Q&A: Outsourced -- about India, filmed in LA
Computerworld's Patrick Thibodeau speaks with the show's co-executive producer, Alexandra Beattie.
Computerworld - NBC's fall season television lineup includes a new show called Outsourced, with a plot line aimed at the heart of workplace angst, the offshoring of jobs.
Outsourced sets its stage quickly. The main character, Todd, who is played by actor Ben Rappaport, has taken a job as a call center manager at Mid American Novelties but arrives, on his first day, to an empty office.
The only other person in the room, his boss, spells it out: The call center jobs have been offshored to India. Todd is told that working overseas is his only choice. "If you don't, I mean, we are already the right size, there are no more positions here," the boss tells Todd.

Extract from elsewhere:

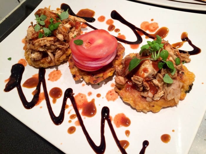 The chicken shredded and put in too of the cakes. and then raiding the condiments cupboard for a medley of bits! Balsamic glaze .. Miso and sesame.. Cholula .. and fresh Greek basil.. I just love that stuff!
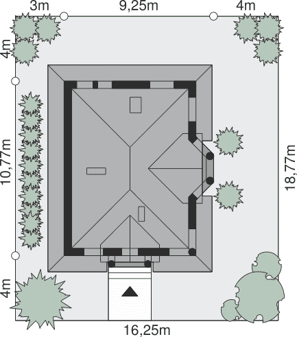 - Minimalne wymiary działki18.77 x 16.25m

"Wait, you are saying go to India or I'm out of a job?" Todd asks.
In a flash, Todd is in India to manage his team and is plunged into a world of cultural and communication miscues, and it expands from there.
Tech offshore workers, whom he meets briefly in a cafeteria, dress in suits and ties, and come across as the elite in this universe. An expat who seems to refuse to embrace all things Indian warns Todd about the food. The first hints of a potential love interest emerge.
This isn't a Dateline special about outsourcing -- it's a comedy. Its workplace plot line may be familiar, particularly if you've seen the 2006 movie Outsourced, but it is nonetheless a show about outsourcing, and questions will abound.
Will it help humanize Indian workers for U.S. audiences, or reinforce stereotypes? Does the arrival of the show mean that Americans have accepted offshore outsourcing as routine? And how realistic will it be?
The answers will begin to arrive with the season premier on Sept. 23.
But among those who will be able to watch the show with a critical eye as a manager in India is Jeanne Heydecker, a marketing executive who moved to India 2007 and today lives near Delhi.
"One of the first things I noticed, coming in as a manager, was how intimidated everyone was -- no one would talk to me," Heydecker said via e-mail.
"No one understood individual accountability or the importance of sharing ideas with the boss. When I first had meetings, it was just me talking for an hour," Heydecker said. "I ended up bringing in a ball and throwing it to individual staff and forcing them to give me ideas, feedback. Brainstorming was a nightmare."